Retroviral infection and generation of Parkin-flag stable cell lines

To generate Parkin-flag retroviruses, HEK 293 T cells were plated at 2 M cells/100-mm-diameter tissue culture dishes and transfected with the pN8E VSGV, Gag-pol packaging vectors and the retroviral vector (empty or containing Parkin-flag) by PEI (Polyscience) direct transfection. At 5 h post-transfection, the medium was replaced with fresh DMEM containing 10% FBS, and cells were grown for an additional 24 h, before the transfection was repeated. After 24 h, the conditioned medium containing recombinant retroviruses was collected and filtered through 0.45 μm-pore-size filters. Samples of these supernatants were applied immediately to MEFs cells, which had been plated 18 h before infection at a density of 10^5 cells/60-mm-diameter tissue culture dishes. Polybrene (Polyscience) was added to a final concentration of 6 μg/ml, and the supernatants were incubated with the cells for 24 h. After infection, the cells were placed in fresh growth medium and cultured in DMEM culture medium. Selection with 200 μg of Hygromycin B/ml (Sigma-Aldrich) was initiated 24 h after infection. After about 15 days, cells were expanded.

Immunofluorescence (IF)

For Ubiquitin-TOM20 immunostaining, MEFs transiently expressing constitutively active CaN or corresponding empty vector were pretreated with 50 µM proteasome inhibitor Mg132 (Sigma-Aldrich) for 30 min. Cells were then fixed with 4% PFA in PBS for 15 min at room temperature, permeabilized with 0,1% Triton X-100 in PBS, and blocked with BSA 4% in PBS supplemented with 0,05% Tween20. Cells were incubated overnight with the following antibodies: Ubiquitin (1:100; Enzo Life Science; BML-PW8810) and TOM20 (1:200; Santa Cruz; sc-11415). Cells were washed three times in PBS supplemented with 0,05% Tween20 and subsequently incubated with the corresponding Alexa secondary antibodies (Thermo Fisher Scientific).

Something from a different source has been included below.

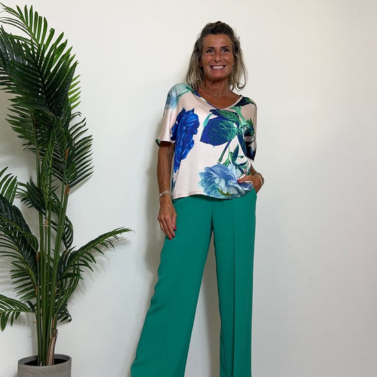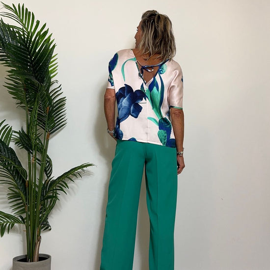 GIORGIA & JHONS - 60181SS24 - BLUSA 100%VISCOSA FANTASIA SCOLLO A V CON LACCETTO RETRO

For GFP TAB2 NZF (k63 linked ubiquitin chain binding probe)-mitoRFP co-localization experiment, MEF cells stably expressing Parkin FLAG were plated on coverslips in 24 well plates in 500 ul of complete media, and transfected with mitoRFP, GFP TAB2 NZF, kindly provided by Prof. Ivan Dikic (Institute of Biochemistry II, Goethe University School of Medicine, Theodor-Stern-Kai 7, 60590 Frankfurt am Main, Germany) and either with empty vector (pcDDNA3.1+pDCR) or constitutive active CaN (CanB+CnA) by using Lipofectamine 2000. After 48 h of transfection one group was treated with 10□M of CCCP for 3 hr. After completion of the experiment, cells were rinsed with PBS and then fixed with 3.7–4% paraformaldehyde pH (7.4) for 20 min at room temperature, and permeabilised with 0.2% Triton X-100 in PBS for 15 min, blocked with 3% bovine serum albumin in PBST (PBS with 0.1% Triton X-100) for 30 min at room temperature, and subsequently incubated with anti-Parkin (1:200 Sc32282), and corresponding Alexa Fluor 647 conjugated secondary antibody (Thermo Fisher Scientific). High-resolution confocal 3D images (z steps 200 nm) were acquired sequentially using ZEN3 software on Laser scanning confocal microscope (Zeiss LSM 900 confocal microscope system) equipped with X100 /1.4 NA oil immersion objective with excitation laser 647, 561, and 488 and emission filters Alexa Fluor 647, Alexa fluor 568 and eGFP respectively. All images were processed with Fiji (National Institute of Health, Bethesda, MD). Colocalisation analysis was performed on stacked images with Coloc2 plugin using ROI, and percentage of colocalisation was calculated from Menders’ coefficients following Bolte S. et al. [124] Background subtraction was performed with rolling ball radius of 50 pixels before analysis.

Imaging

For confocal imaging experiments of Parkin localization, transfected MEFs cells were seeded onto round glass coverslips. Cells were co-transfected with mCherry-Parkin and mito-YFP. When indicated, cells where cotransfected with CnB, the regulatory Calcineurin (Cn) domain, plus ΔCnA (constitutively active Cn) or ΔCnAH151Q (dominant negative mutant of Cn), and/or one of the Ubiquitin constructs (Ub or UbS65E). These constructs were then excited using 561 nm or 488 nm laser and using a UPlanSApo 60x/1.35 objective (iMIC Andromeda) or Plan Apochromat 100x/1.4 objective (ZEISS LSM900 Airyscan2). Stack of images separated by 0.2μm along the z-axis were acquired. Image analysis was performed using ImageJ. The quantification was performed as calculation of the percentage of cells with Parkin puncta on mitochondria or through an ImageJ plugin for colocalization quantification (see the following paragraph for details).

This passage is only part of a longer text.